La Red Bull, uno dei team di punta della Formula 1, si sta preparando per una nuova sfida: la creazione di una propria divisione motori. Questa mossa, che segna un cambiamento significativo per il team, è vista con grande interesse da parte degli avversari, che sperano in un possibile passo falso da parte della Red Bull.

Max Verstappen, pilota di punta della Red Bull, ha commentato l'annuncio dell'accordo tra Honda e Aston Martin a partire dal 2026, in concomitanza con il nuovo ciclo regolamentare a livello di propulsori. Verstappen ha espresso rammarico per la fine della collaborazione con Honda, ma si è detto entusiasta della nuova sfida che attende la Red Bull insieme a Ford nel 2026.
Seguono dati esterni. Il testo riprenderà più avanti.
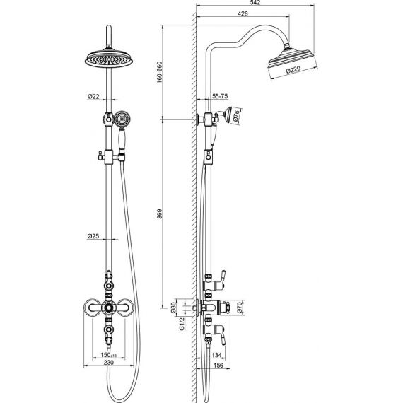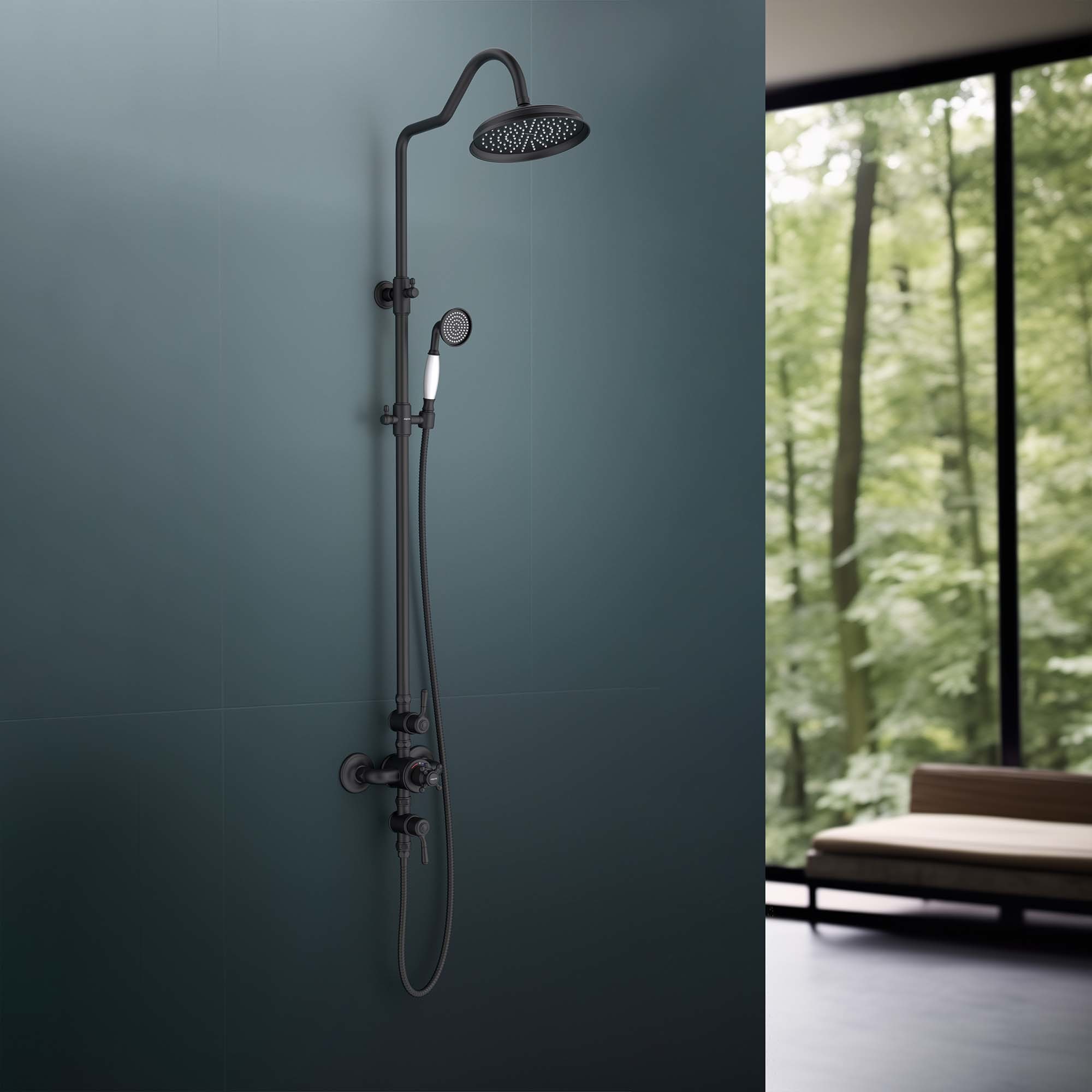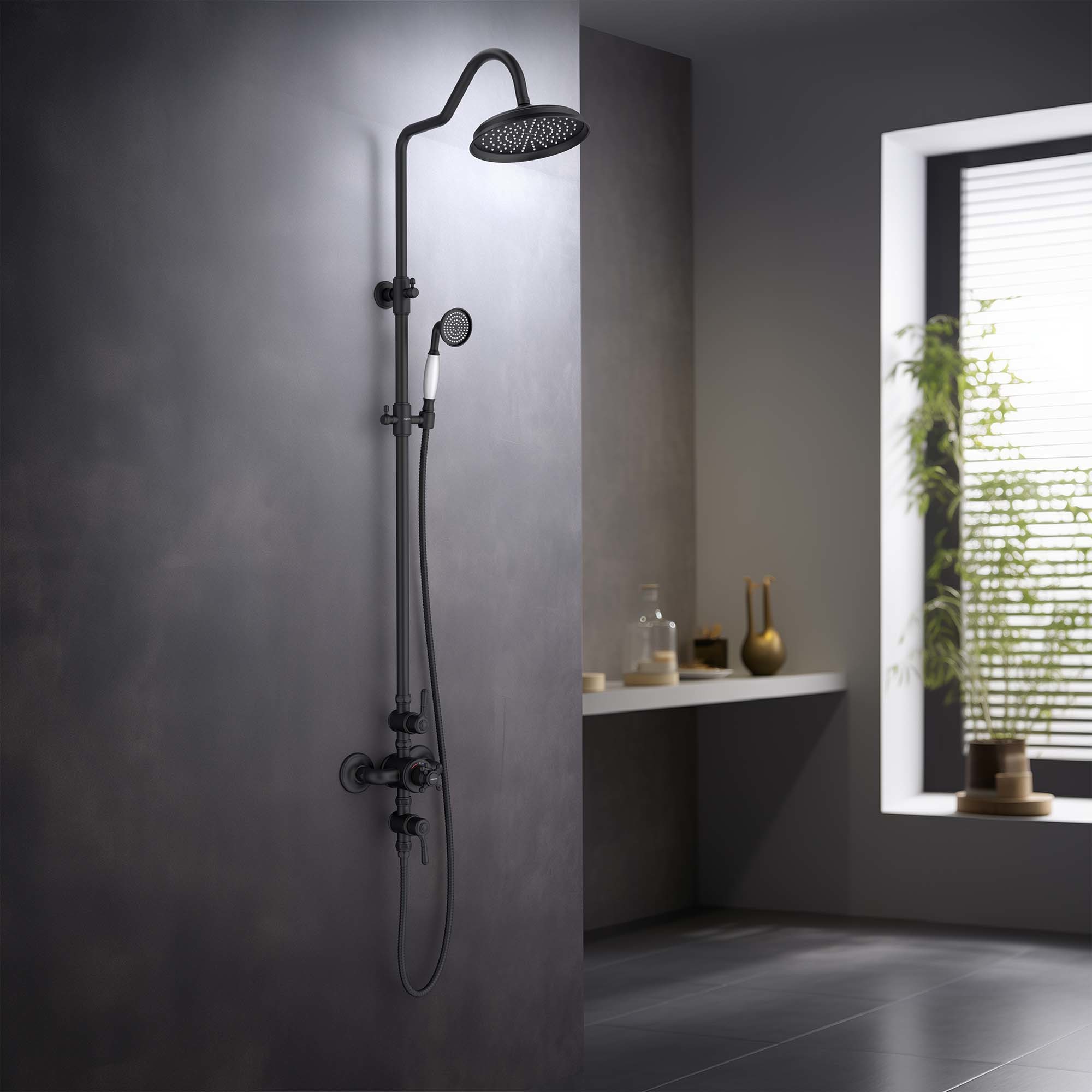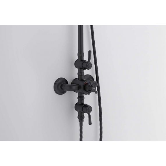 Душевая стойка с термостатом Aquatek Классик AQ2563MB, материал латунь, цвет чёрный матовый.
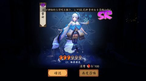 この召喚の結果はランダムですが、Rの式神までしか出現しません。
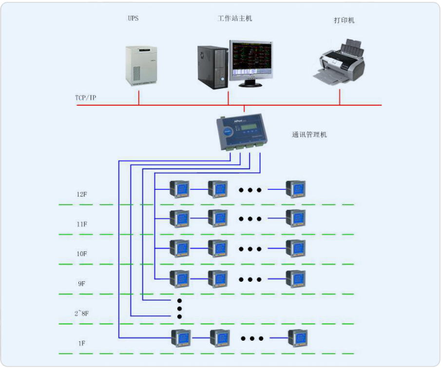 整個大樓采用兩路獨立的10KV高壓進線,經地下室10/0.4KV變配電所后供電,供電工作電壓為三相五線 380/220V。本工程地下室設置10/0.4KV變配電所,在樓層配電箱設分項計量,共48路計量節點,包括照明、插座、空調等,具體建設目標如下:
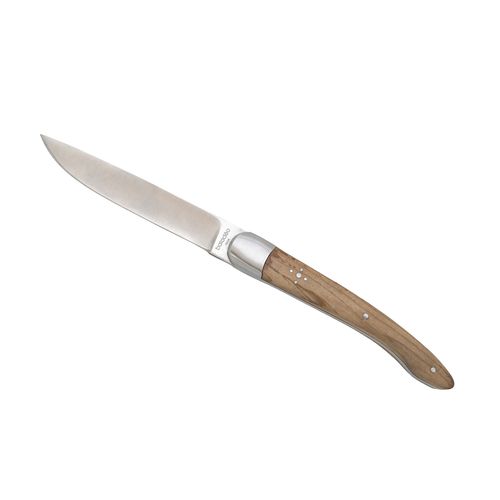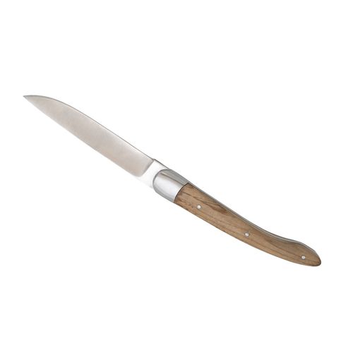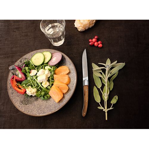 - Manches en bois d'olivier nervuré sur ce grand classique de la coutellerie pour apporter élégance et authenticité sur toutes les tables.
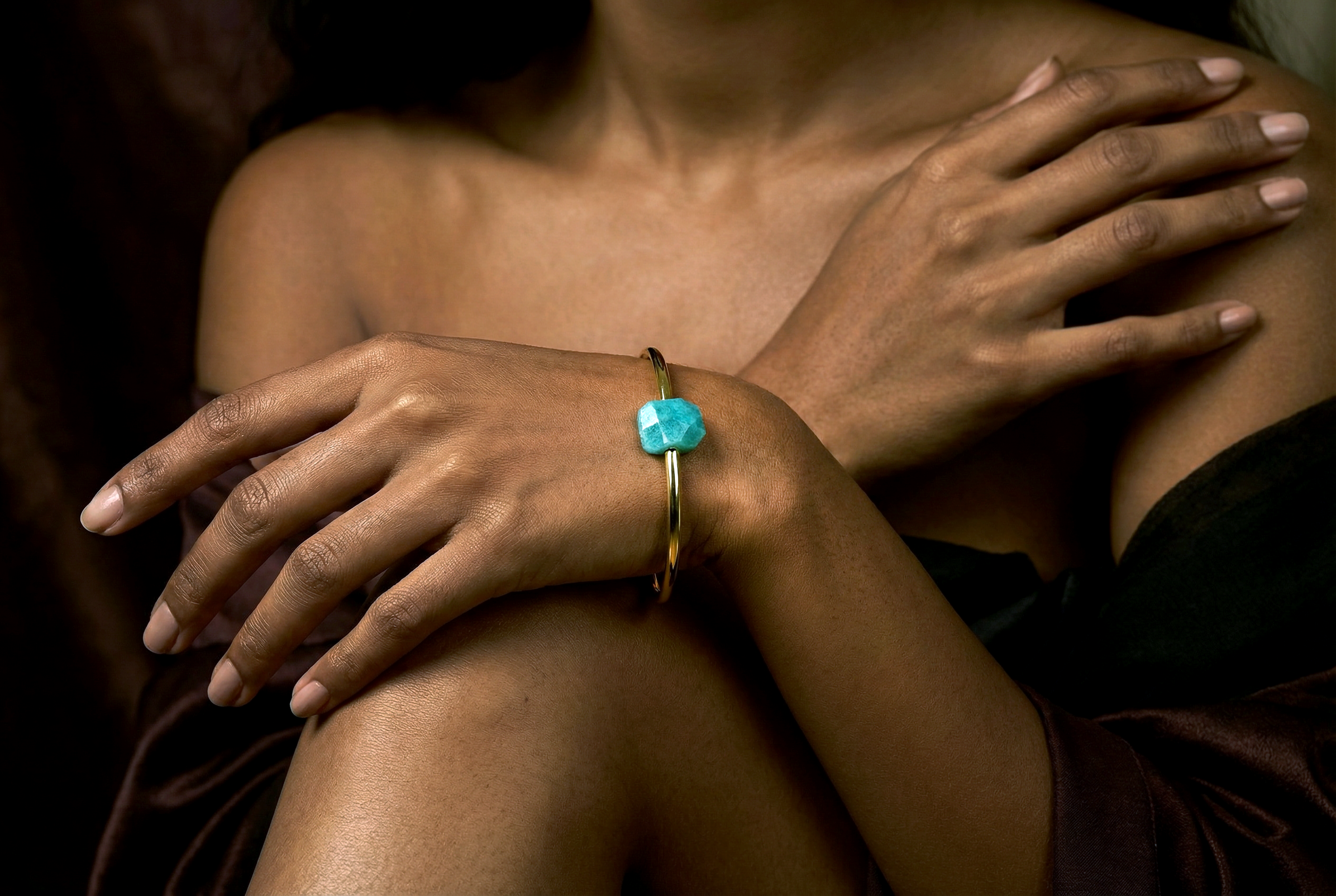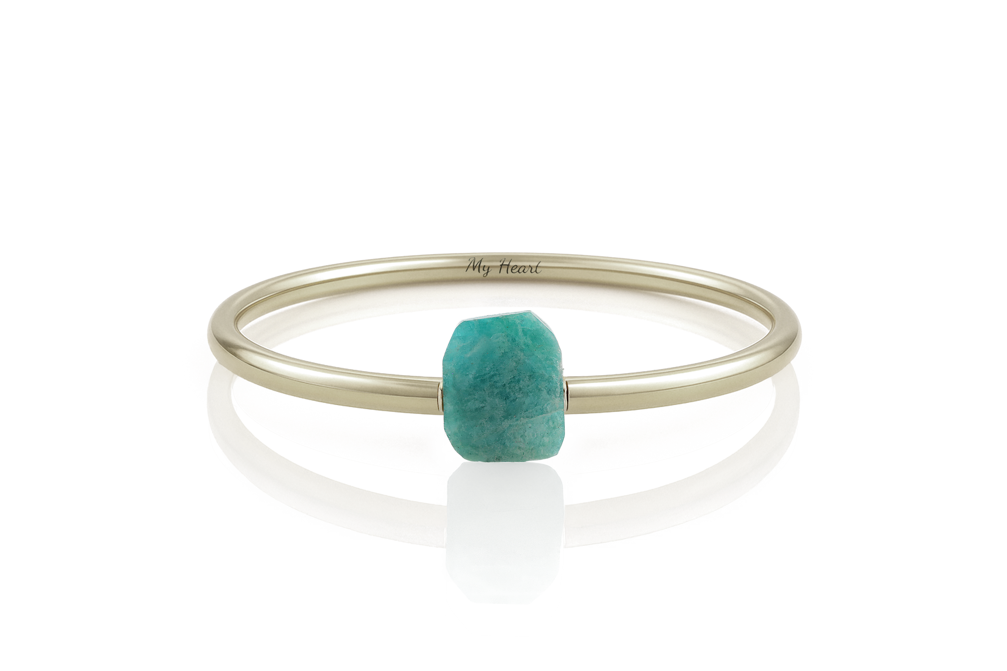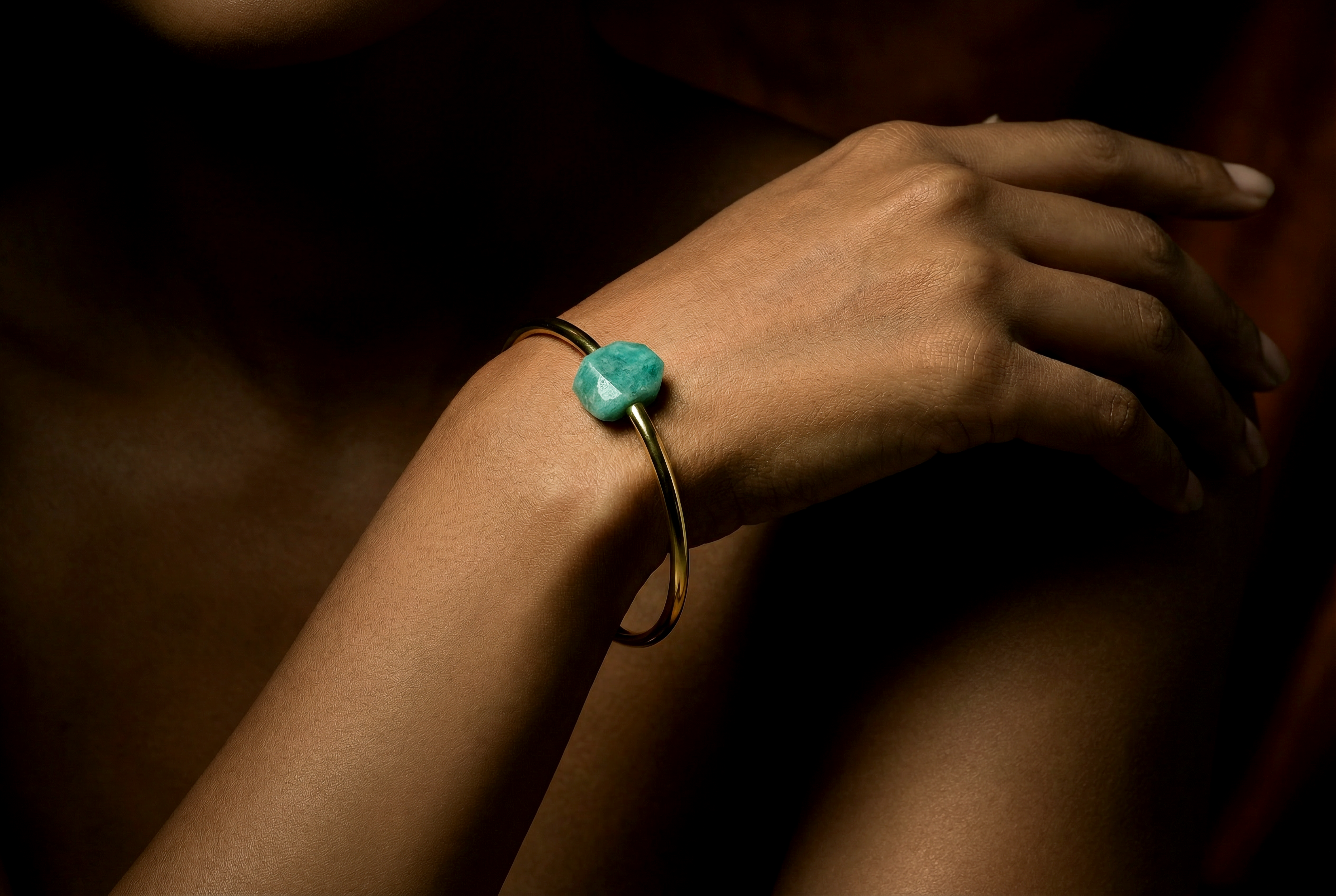 This elegant closed tube bangle bracelet features a striking 15x20mm asymmetrical faceted Amazonite stone at its center. Known for its calming green-blue hue, Amazonite brings a soothing and vibrant touch to your jewelry collection.

La Red Bull, guidata dal team principal Christian Horner, sta lavorando da più di un anno alla creazione dei propri motori, con un team di oltre 300 ingegneri guidati dall'ex Mercedes Ben Hodgkinson. Questa mossa segna un passo importante per il team, che non dipenderà più da nessun costruttore per i suoi motori.

Horner ha riconosciuto che gli avversari sperano in un possibile fallimento della Red Bull nella realizzazione della nuova power unit: "La nostra squadra si considera ancora relativamente nuova, ma sta continuando a crescere costantemente. Solo il tempo dirà quali saranno stati i nostri risultati complessivi. Guardiamo avanti a capitoli entusiasmanti, in quanto diventeremo i produttori dei nostri motori. Molti avversari sperano che falliremo e che faremo una brutta figura, ma io credo fermamente che all'interno della scuderia ci sia la determinazione necessaria per far sì che questa missione si trasformi in un successo", ha concluso ad AutoSport.